« Seen, unseen, scene », Centre d’art Passerelle, rue Charles Berthelot, Brest (29), jusqu’au 25/04.
"Sometimes a narrative" (2005), vidéo de Michael Schultze, méditation poétique sur les relations formelles du modernisme. © Nicolas Ollier / centre d’art Passerelle, Brest
< 25'04'09 >
Jardins suspendus d’art à Passerelle

(Brest, envoyée spéciale)
Voir, ne pas voir ou faire les deux à la fois. La pluralité des modes de perception de la nature, exprimés dans des formes historiques ou populaires, voici ce qu’interrogent les six artistes de l’exposition du centre d’art Passerelle à Brest qui ferme ses portes ce samedi.

« Seen, unseen, scene ». En anglais, le jeu de mots sonne parfaitement.
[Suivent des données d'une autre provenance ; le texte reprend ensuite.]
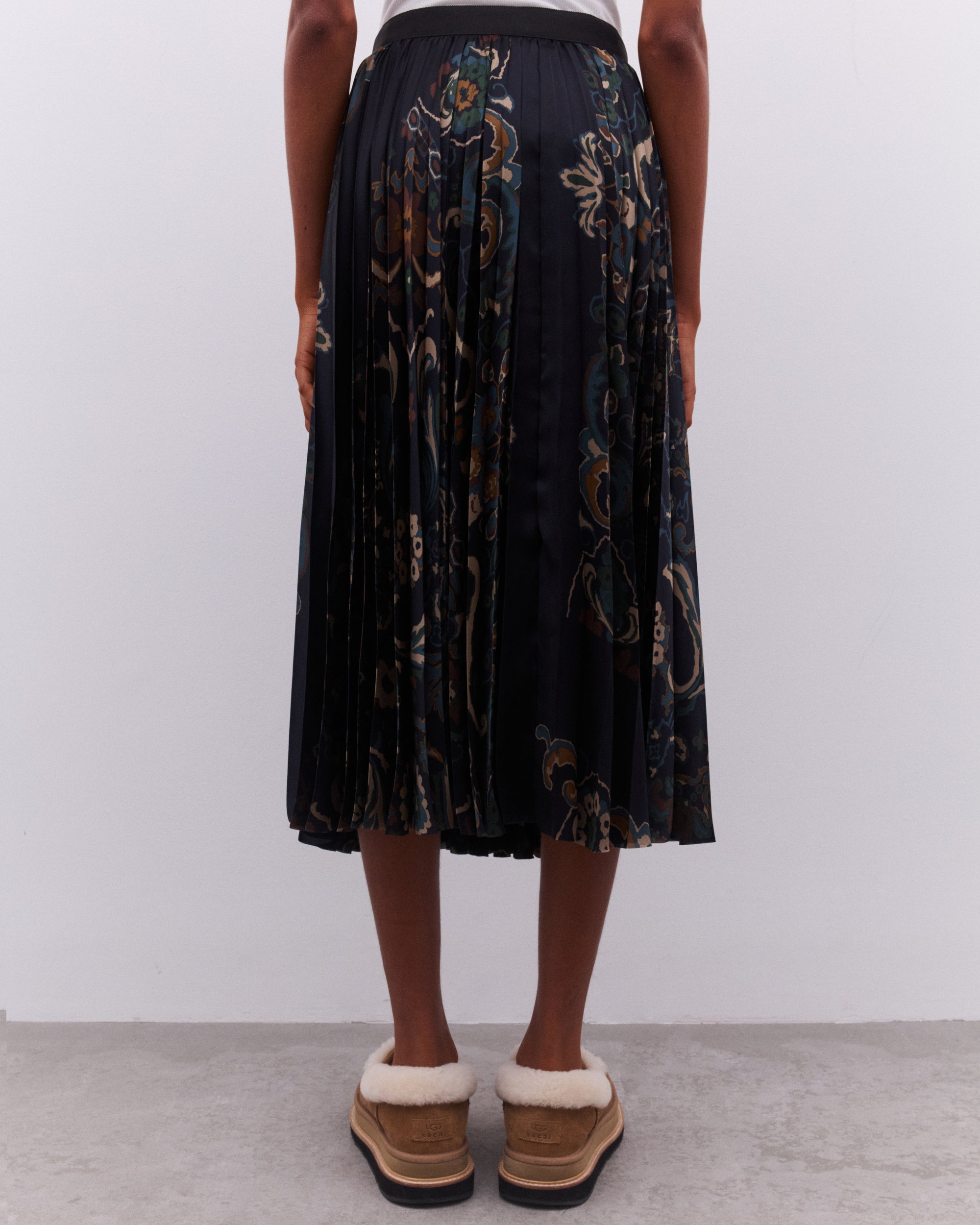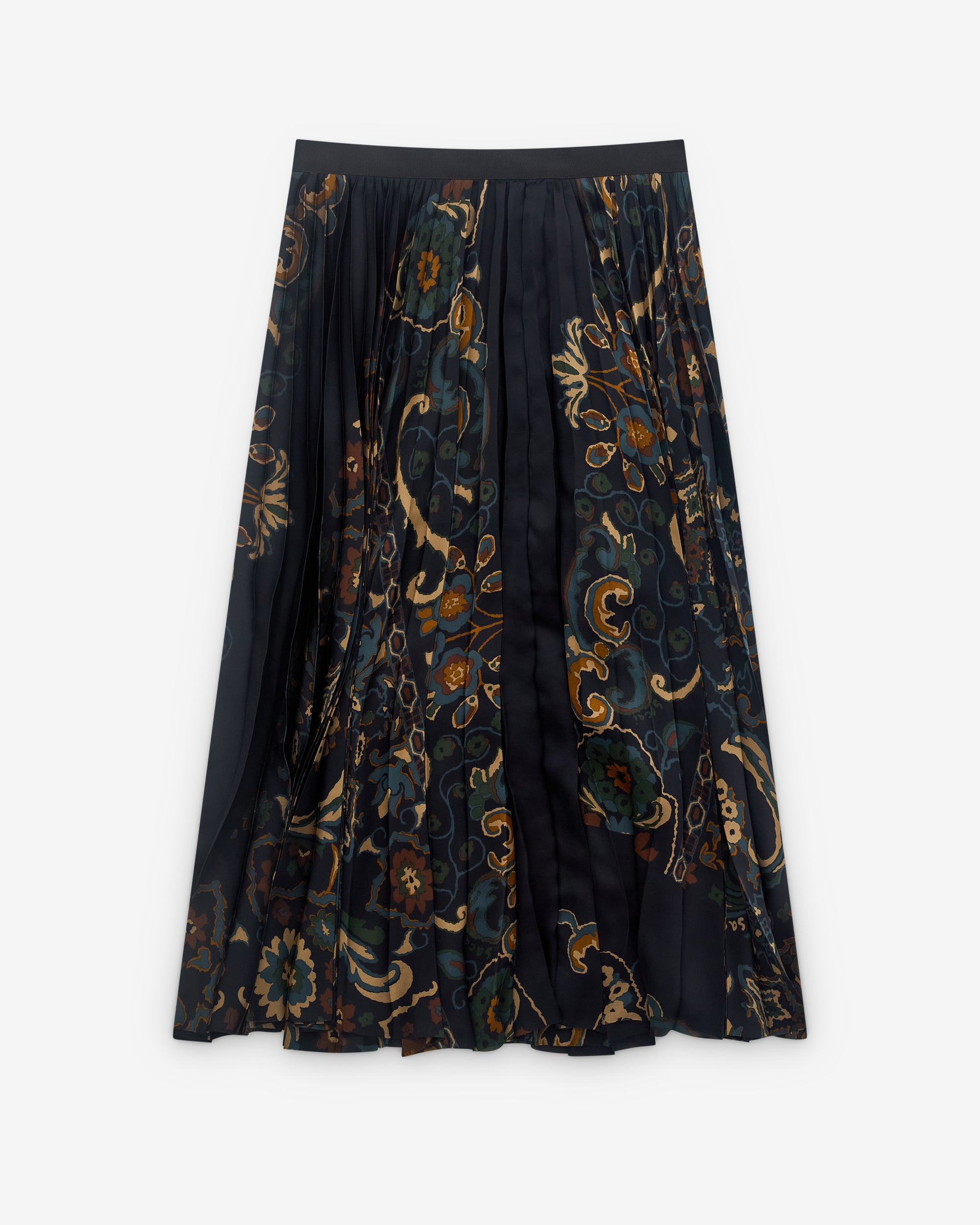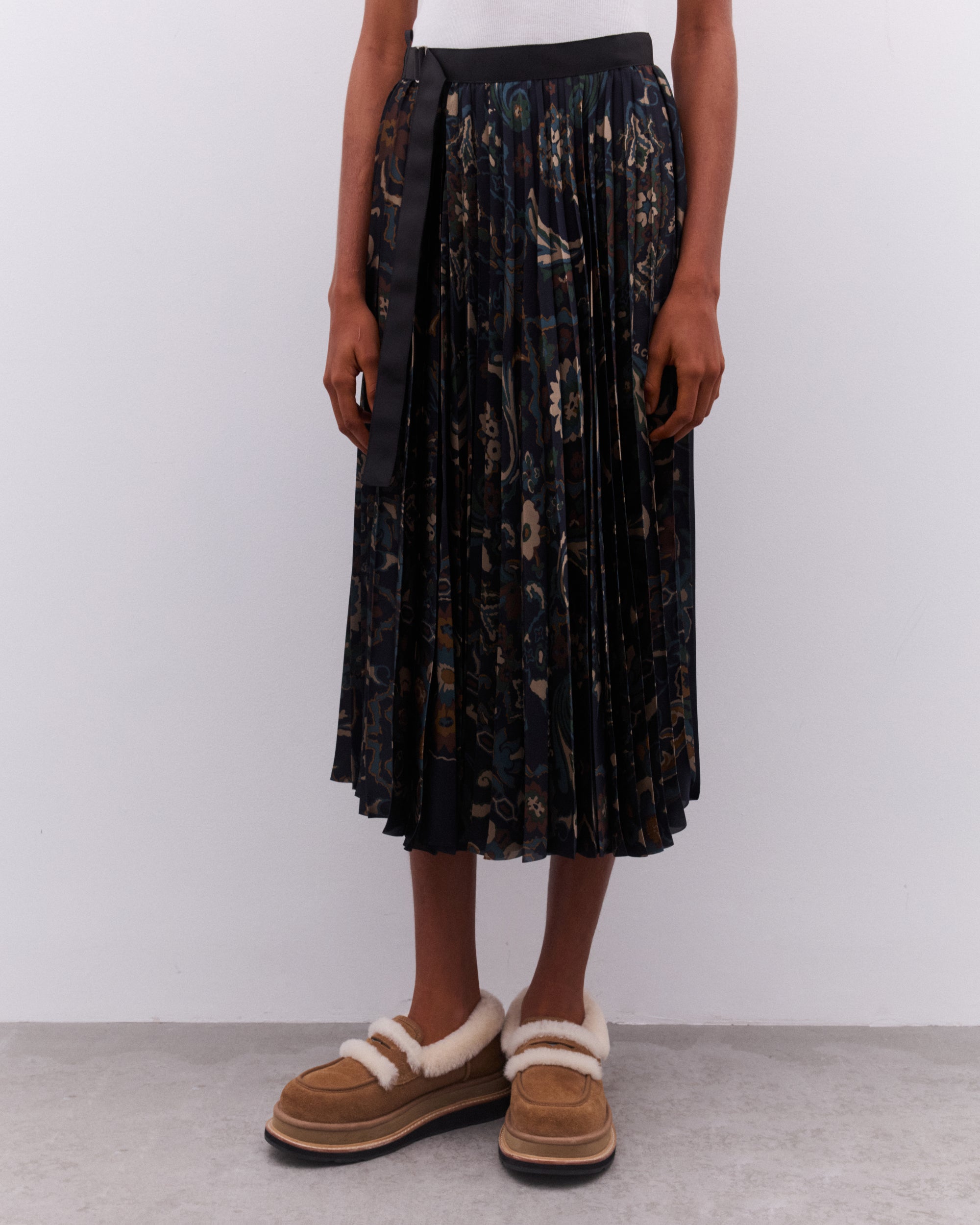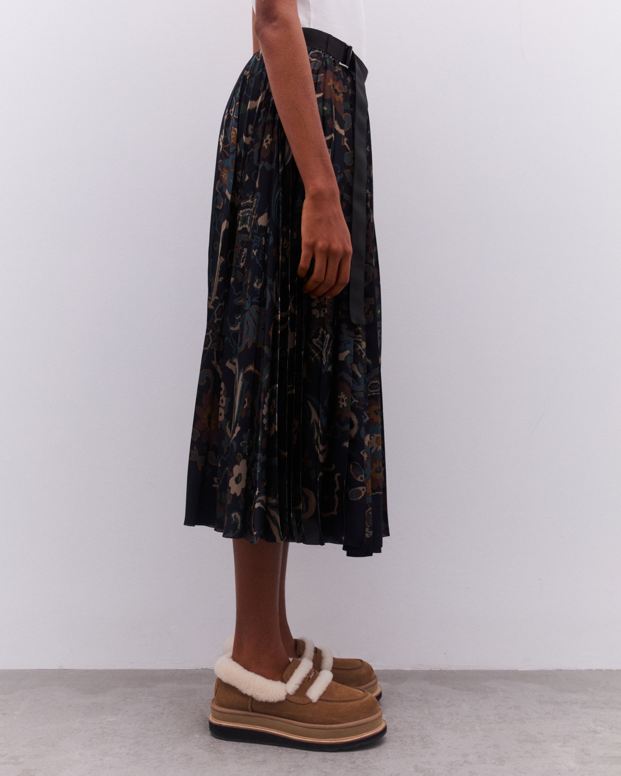 Mid-lengthPleatedAdjustable belt at waistbandA-line silhouette

Car scene signifie à la fois image et tableau, tout en renvoyant à la performance. À plusieurs voix, la forme du jardin est pensée comme espace collectif et lieu de représentation : recouverts de noir et de phrases à contenu politique, les tapis persans de Discoteca Flaming Star s’affirment en tant que formes symboliques. Plus prosaïque, l’immense cage pour les oiseaux de Jean-Marc Savic côtoie le jardin de lotus de Cristina Gomez Barrio et les jardins utopiques de Florence Lazar, un tableau placé dans la nature dans les grandes projections de Mark Leiderstam ou encore la déclinaison poétique d’un lys chez Michael Schultze.

Par la confrontation de la vidéo et de la photographie, à travers l’objet ou par la déconstruction du texte, ces artistes conçoivent des environnements qui sont autant de séquences d’élaboration d’œuvres complexes et riches, entre processus visuels et performatifs. Focus sur trois d’entre eux.
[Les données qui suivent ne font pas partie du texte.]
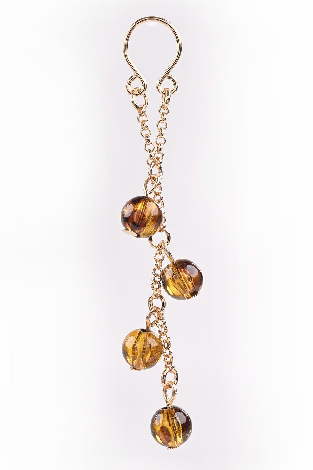 Udekoruj swój biust bursztynową biżuterią na sutki, starannie wykonaną z pozłacanym regulowanym pierścieniem na sutek, pasującym do każdego rozmiaru. Przyciągnij ich wzrok wykwintnymi koralikami inspirowanymi skorupą żółwia, idealnymi do machania i ciągnięcia podczas zabawy sutkami.
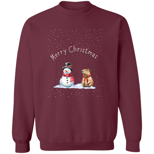 Merry Christmas Jolly Snowman walking a Capybara Ladies Cozy Sweatshirt
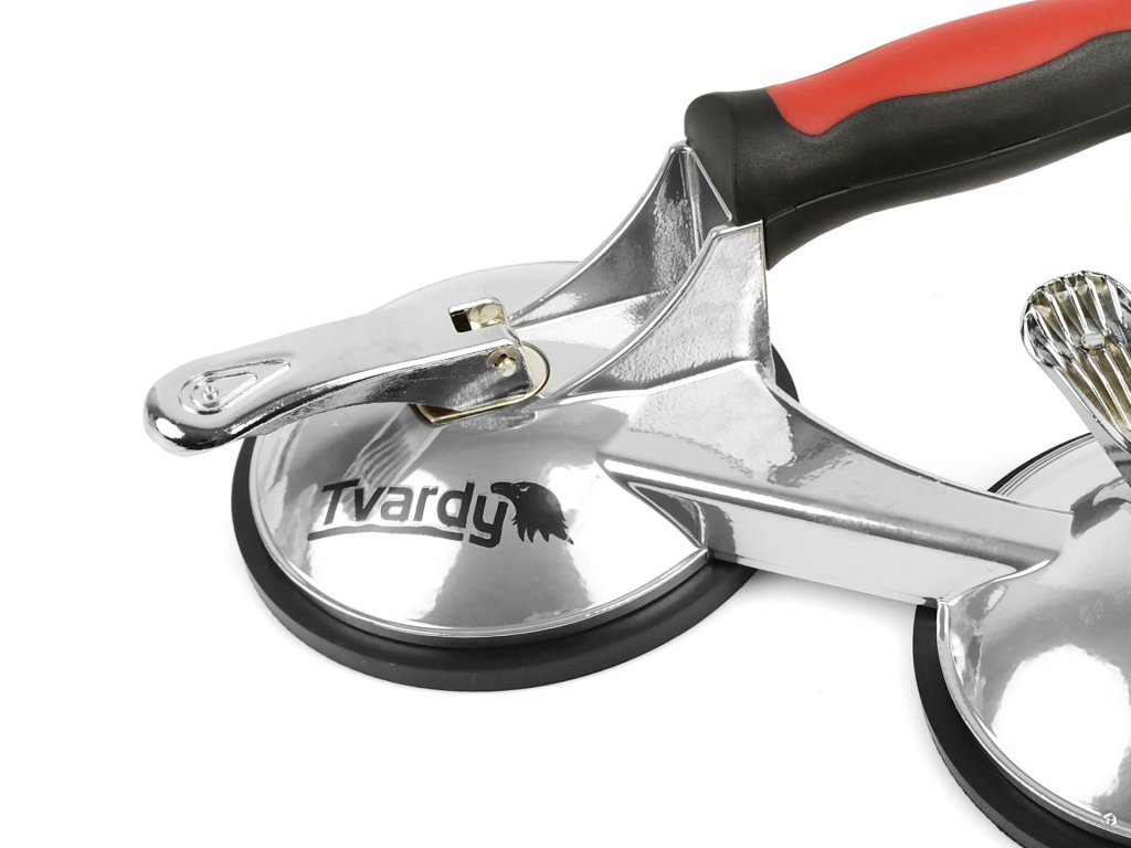 Vysoko kvalitné gumy prísaviek, aktivované pomocou páčok, zabezpečujú bezpečné a spoľahlivé prenášanie predmetov. Telo držiaka je vyrobené z vysoko kvalitnej hliníkovej zliatiny, zatiaľ čo rukoväť je pokrytá protiskluzovým plastovým materiálom, čo uľahčuje manipuláciu.
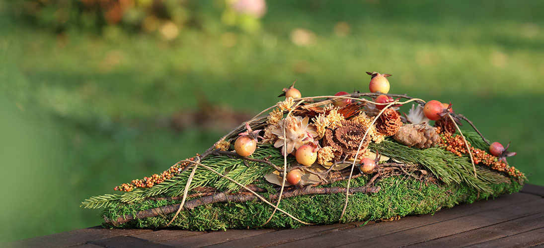 Entdecken Sie Luffa und Moose als vielseitige Naturdeko. Normalerweise besteht Grabschmuck aus lebenden Pflanzen: Stiefmütterchen, Erika und Fleissige Lieschen werden im jahreszeitlichen Wechsel auf das Grab gepflanzt, eine Vase für Schnittblumen und eine Laterne machen den Schmuck vollständig. Das sieht recht trist und langweilig aus, und das muss auch nicht immer so sein. Denn mit ein paar wenigen Gegenständen lässt sich eine besinnliche Grabstätte durchaus ansprechend gestalten, so dass sie zum Verweilen, Beten und Gedenken einlädt. Da sich die Grabstätten normalerweise in der freien Natur befinden, ist natürlichen Materialien stets der Vorzug zu geben.

Wolfgang Mayer ou la lecture poétique
Wolfgang Mayer forme avec Cristina Gomez le groupe Discoteca Flaming Star. Ensemble, ils mènent des performances et fabriquent des objets à forte valeur symbolique. Comme ces tapis persans intitulés « Alfombras » portant des inscriptions et recouverts d’une peinture acrylique noire rugueuse peu attrayante, sur lesquels il est possible de marcher, ou que l’on peut contourner. Étranges aussi, ces grands dessins noirs et violets aux motifs floraux, issus d’une série d’actions proches du rituel. À l’origine de ces grandes compositions florales proches de vanités, il y a encore des textes, « Vom Krieg » de Clausewitz ou « Le Prince » de Machiavel, qui, une fois lus puis photocopiés, sont recouverts d’une peinture noire jusqu’à ce qu’ils disparaissent, puis découpés en petites lanières et assemblés pour former des dessins. Wolfgang Mayer définit son travail comme « une forme poétique de lecture ». Car à l’issue de toutes ces actions, l’espace de l’œuvre devient la traduction de la relation physique qui existe dans la lecture.
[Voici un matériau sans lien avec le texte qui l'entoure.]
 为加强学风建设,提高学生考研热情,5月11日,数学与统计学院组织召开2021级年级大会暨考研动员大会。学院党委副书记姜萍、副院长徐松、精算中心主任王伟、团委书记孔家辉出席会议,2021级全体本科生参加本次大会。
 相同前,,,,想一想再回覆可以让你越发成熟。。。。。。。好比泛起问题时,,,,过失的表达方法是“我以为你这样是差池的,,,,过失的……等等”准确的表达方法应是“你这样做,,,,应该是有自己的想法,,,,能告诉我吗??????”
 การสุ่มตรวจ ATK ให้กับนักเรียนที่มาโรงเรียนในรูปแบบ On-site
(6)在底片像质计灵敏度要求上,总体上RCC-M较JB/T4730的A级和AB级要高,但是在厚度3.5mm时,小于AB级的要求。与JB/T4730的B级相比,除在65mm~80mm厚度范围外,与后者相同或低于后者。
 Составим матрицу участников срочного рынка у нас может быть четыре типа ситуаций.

Michael Schultze ou la poésie plastique
Michael Schultze présente des photographies et une vidéo qui s’intitule « Sometimes a narrative », sorte de méditation poétique sur la transformation des objets. Schultze examine les relations entre les formes du modernisme, qui dans sa vidéo sont rendues presque illisibles. Dans l’atelier, il met en rapport images, dessins, photographies, sculptures, travaillant sur la translation qui s’opère dans le passage d’une forme à l’autre. « J’écris beaucoup et je lis beaucoup. Je travaille comme un poète mais avec des formes et des spécifications visuelles », dit-il. Chez lui, pas de texte mais des formes déplacées, qui ont perdu leur statut d’origine, comme ces photogrammes d’une fleur de lys côtoyant des formes abstraites, disposées comme des phrases, des séquences.

Florence Lazar ou le tapis-jardin
Dans la série photographique « Repos, cité des bosquets » (2006), Florence Lazar photographie des groupes de femmes d’origine orientale qui se sont regroupées dans les jardins de Montfermeil autour d’un tapis. « Présentation », « Conservation », « Repos », trois moments de la vie de ces femmes, trois actions, rituels de partage, s’organisent autour d’un objet. Objet d’échange symbolique, le tapis opère un déplacement de l’intérieur vers l’extérieur, il est mis au dehors, au milieu des jardins. Deux formes se confrontent : celle de l’hortus conclusus, lieu clos et sacré, et le tapis, représentation utopique du jardin. Chez ces trois artistes, les dispositifs de perception s’entendent au sens large, comme image, représentation, mais aussi lieu de la conversation, de la lecture. Autant d’éléments qui modifient totalement le rapport du spectateur aux œuvres et ouvrent vers une nouvelle forme de récit, que ce soit par l’organisation séquentielle des formes ou la transformation et le déplacement d’un objet dans l’espace.